Climate change is making major league sluggers into even hotter hitters, sending an extra 50 or so home runs per year over the fences, a new study found.
Hotter, thinner air that allows balls to fly farther contributed a tiny bit to a surge in home runs since 2010, according to a statistical analysis by Dartmouth College scientists published in Friday's Bulletin of the American Meteorological Society. They analyzed 100,000 major league games and more than 200,000 balls put into play in the past few years along with weather conditions, stadiums and other factors.
"Global warming is juicing home runs in Major League Baseball," said study co-author Justin Mankin, a Dartmouth climate scientist.
It's basic physics.
When air heats up, molecules move faster and away from each other, making the air less dense. Baseballs launched off a bat go farther through thinner air because there is less resistance to slow the ball.

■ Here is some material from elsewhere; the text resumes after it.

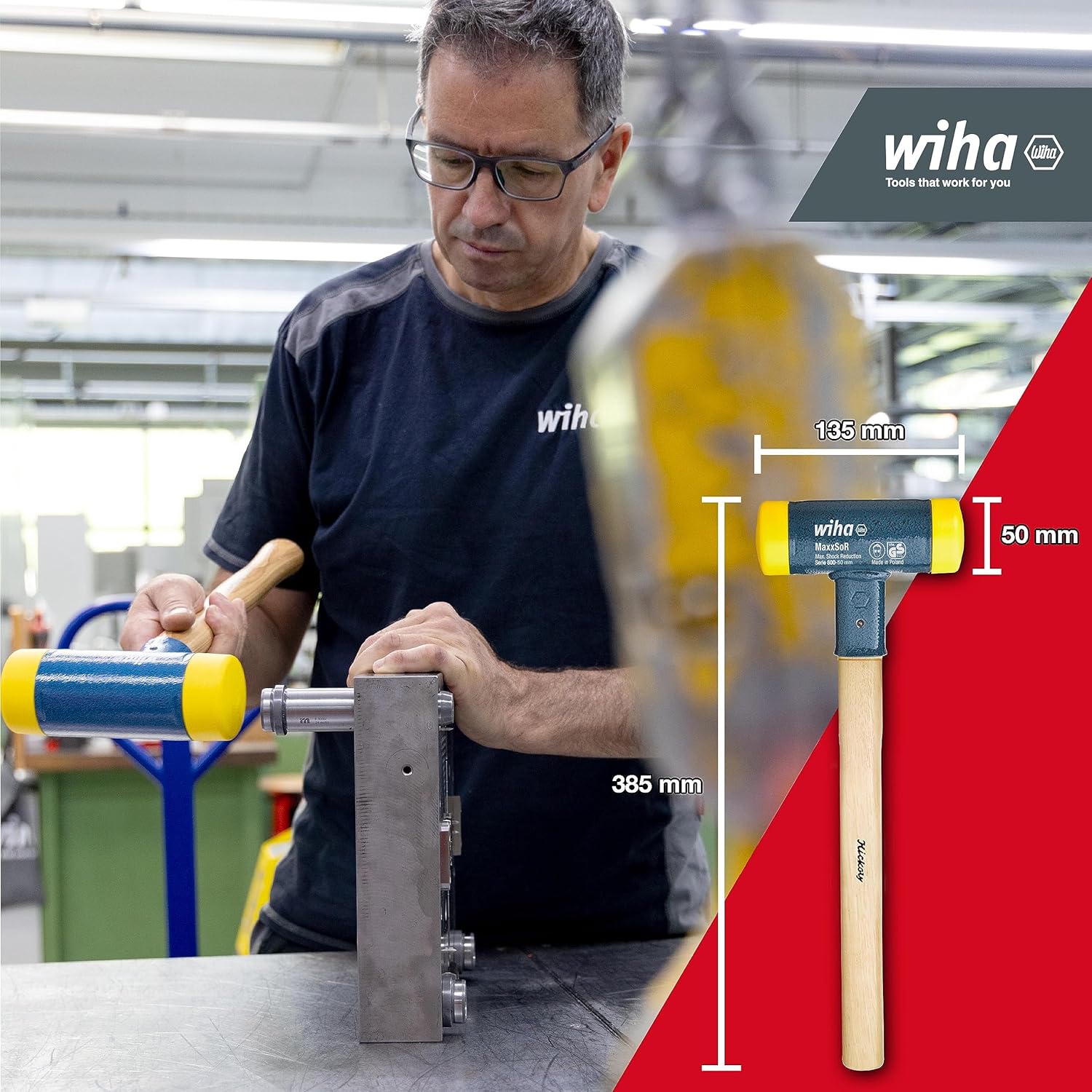 Wiha Schonhammer rückschlagfrei I Hickory-Holzstiel I Rund-Schlagkopf Ø 50 mm I mittelhart I Kunstst
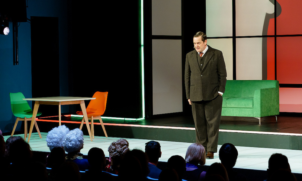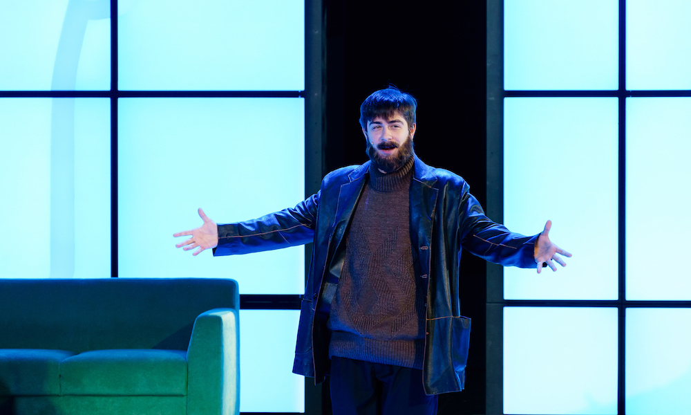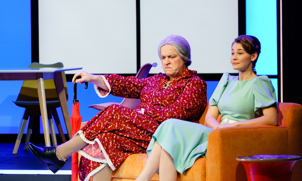 Константин Богомолов веселит зрителей всеми возможными способами. В первую очередь за комедию отвечает еще один персонаж – пожилая соседка в исполнении все того же Леры Горина. Он открывает спектакль, проходя через зал и вступая в импровизированные разговоры со зрителями. Позже бабка не раз выскакивает как чертик из табакерки из правого бенуара то с криком: «Десятая квартира, дайте поспать!», то со смешными комментариями.

Just a little bit farther can mean the difference between a home run and a flyout, said Alan Nathan, a University of Illinois physicist who wasn't part of the Dartmouth study.
Nathan, one of a group of scientists who has consulted with MLB on the increase in home runs, did his own simple calculation, based purely on known physics of ballistics and air density as it changes with temperature, and said he got the same result as the Dartmouth researchers.
Both Nathan and the Dartmouth team found a 1% increase in home run likelihood with every degree the air warms. But the total yearly average of warming-aided homers is only 1% of all home runs hit, the Dartmouth researchers calculated.
Non-climate factors contribute even more to the barrage of balls flying out of the park, scientists and baseball veterans said. The biggest is the ball and the size of the stitches, Nathan said, and MLB made slight adjustments to deaden the ball before the 2021 season. Others include batters' recent attention to launch angle, stronger hitters and faster pitches.
The study started after the end of baseball's steroids era saw a spike in home runs.
Veteran baseball players and executives said the research fits with what they have seen on the field.
"We always felt that way for years," Philadelphia Phillies president of baseball operations Dave Dombrowski said. "When it's warmer, the ball travels more and they have scientific evidence to back that up."
Homers have always varied by ballpark due to factors like dimensions that are friendlier to pitchers than hitters, or vice versa, and wind conditions.
The Dartmouth team found the climate homer effect varied by field too. Chicago's Wrigley Field, which still hosts a lot of day games, has the most warming-homer friendly confines. The statistical analysis found no significant heat-aided homers at Tampa Bay's Tropicana Field, the only full-time domed stadium in the majors.
After a 1-0 victory in Coors Field on Thursday, Colorado Rockies reliever Brent Suter said the study, which mentions more than 500 home runs since 2010, rings true to him.
"Obviously I'm not a fan in any way as a pitcher," Suter said with a laugh. "500 seems a lot, but I could believe it."
The heat is also hard on players and fans, Suter said.
"I remember pitching some games, I was just like, 'This does not feel like normal heat. It's crazy hot,'" he said.
Because baseball has so many statistics and analytics, such as the tracking system Statcast, trends can be seen more easily than other effects of climate change, Mankin said. Still, the scientists can't point to a single homer and say that's a warming-aided home run. It's a detail that can be seen only in the more than 63,000 homers hit since 2010.
Mankin called what's happening "a fingerprint of climate change on our recreation."